What you should see is:

ls: cannot access /fake/directory: No such file or directory

Now you're probably thinking, shouldn't that message have been sent to the file? There is actually another I/O stream in play here called standard error (stderr). By default, stderr sends its output to the screen as well, it's a completely different stream than stdout. So you'll need to redirect its output a different way.

Unfortunately the redirector is not as nice as using < or > but it's pretty close. We will have to use file descriptors. A file descriptor is a non-negative number that is used to access a file or stream. We will go in depth about this later, but for now know that the file descriptor for stdin, stdout and stderr is 0, 1, and 2 respectively.

So now if we want to redirect our stderr to the file we can do this:

ls /fake/directory 2> peanuts.txt

You should see just the stderr messages in peanuts.txt.

Now what if I wanted to see both stderr and stdout in the peanuts.txt file? It's possible to do this with file descriptors as well:

ls /fake/directory > peanuts.txt 2>&1

This sends the results of ls /fake/directory to the peanuts.txt file and then it redirects stderr to the stdout via 2>&1. The order of operations here matters, 2>&1 sends stderr to whatever stdout is pointing to. In this case stdout is pointing to a file, so 2>&1 also sends stderr to a file. So if you open up that peanuts.txt file you should see both stderr and stdout.

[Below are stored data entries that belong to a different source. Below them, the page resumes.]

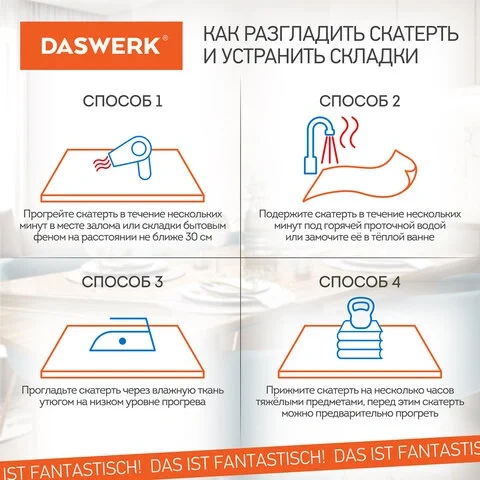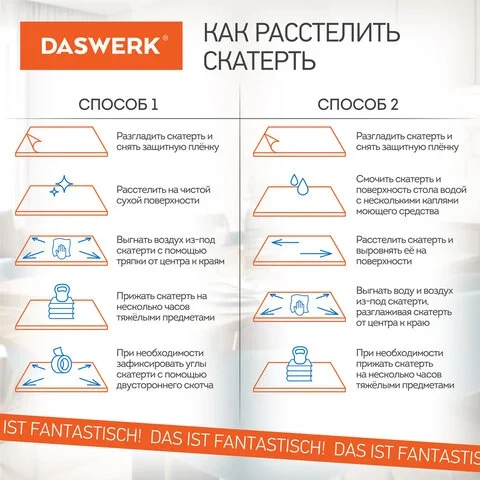 Силиконовая скатерть на стол, также известная как жидкое стекло или гибкое стекло, предназначена для защиты горизонтальных поверхностей от загрязнений и механических повреждений. Благодаря своей толщине 0,5 мм гибкое стекло на стол защищает от царапин, сколов и вмятин. Также скатерть силиконовая не боится пищевых масел и красителей и очень неприхотлива в уходе – жидкое стекло на стол достаточно протереть влажной салфеткой. Скатерть прямоугольная размером 140х60 см расстилается на любую поверхность подходящего размера: в первую очередь, это клеенка на стол на кухню, но также прозрачная пленка подойдет на письменный стол или на детский столик. При необходимости пленка на стол легко нарезается ножницами под нужный размер и форму и подойдёт для подоконника или полки. Также за несколько минут из скатерти клеёнки можно вырезать дорожку на стол или плейсмат меньшего размера. Прозрачная скатерть для стола сохраняет и подчёркивает естественную текстуру камня, дерева, стекла или пластика и впишется в любой интерьер. Свернутая в рулон на картонной втулке скатерть гибкое стекло доставляется в прочной термоусадочной пленке, защищающей от повреждений при транспортировке. Скатерть на кухонный стол DASWERK - это практичное решение для повседневного использования.
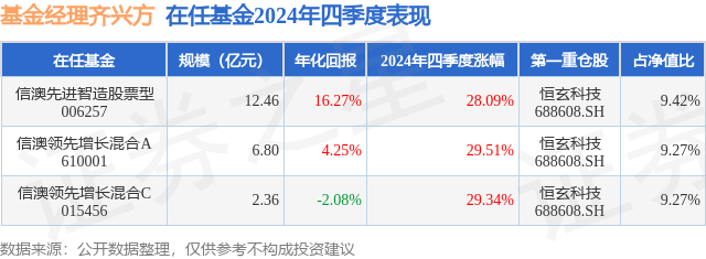 证券之星消息,日前信澳先进智造股票型基金公布四季报,2024年四季度最新规模12.46亿元,季度净值涨幅为28.09%。
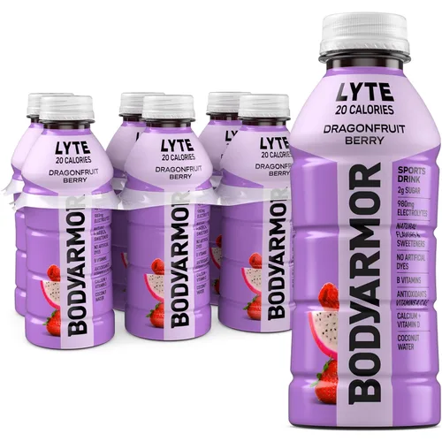 BODYARMOR Lyte Sports Drink es una bebida deportiva baja en calorías hecha con agua de coco para que mantenerse hidratado sea delicioso Reponga lo que su cuerpo necesita con una mezcla de antioxidantes y electrolitos llenos de potasio Estas bebidas deportivas están hechas sin azúcar añadida y sin edulcorantes, sabores o tintes artificiales Baya de fruta del dragón con sabor natural para una experiencia refrescante y revitalizante con cada sorbo Paquete de 6, botellas de 16 onzas líquidas de bebidas electrolíticas BODYARMOR Lyte Dragonfruit Berry para hidratación que mantiene el ritmo de tu estilo de vida activo
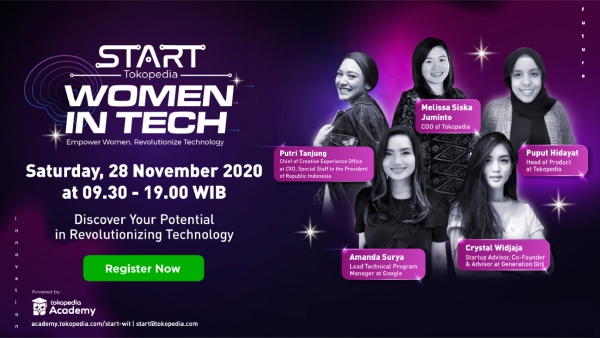 Trenteknologi.com – Tokopedia START Summit Extension dengan tema Women in Tech akan resmi digelar secara virtual pada 28 November 2020 pukul 09.30-19.00 WIB. Acara ini dapat diikuti siapa saja, yang punya ketertarikan akan bidang teknologi, secara gratis melalui situs Tokopedia Academy.

In our case, the above command only outputs stderr.

There is a shorter way to redirect both stdout and stderr to a file:

ls /fake/directory &> peanuts.txt

Now what if I don't want any of that cruft and want to get rid of stderr messages completely? Well you can also redirect output to a special file call /dev/null and it will discard any input.

ls /fake/directory 2> /dev/null

What is the following command doing?

ls /fake/directory >> /dev/null 2>&1

4. pipe and tee

Let's get into some plumbing now, not really but kinda. Let's try a command:

ls -la /etc

You should see a very long list of items, it's a little hard to read actually. Instead of redirecting this output to a file, wouldn't it be nice if we could just see the output in another command like less? Well we can!

ls -la /etc | less

The pipe operator |, represented by a vertical bar, allows us to get the stdout of a command and make that the stdin to another process. In this case, we took the stdout of ls -la /etc and then piped it to the less command. The pipe command is extremely useful and we will continue to use it for all eternity.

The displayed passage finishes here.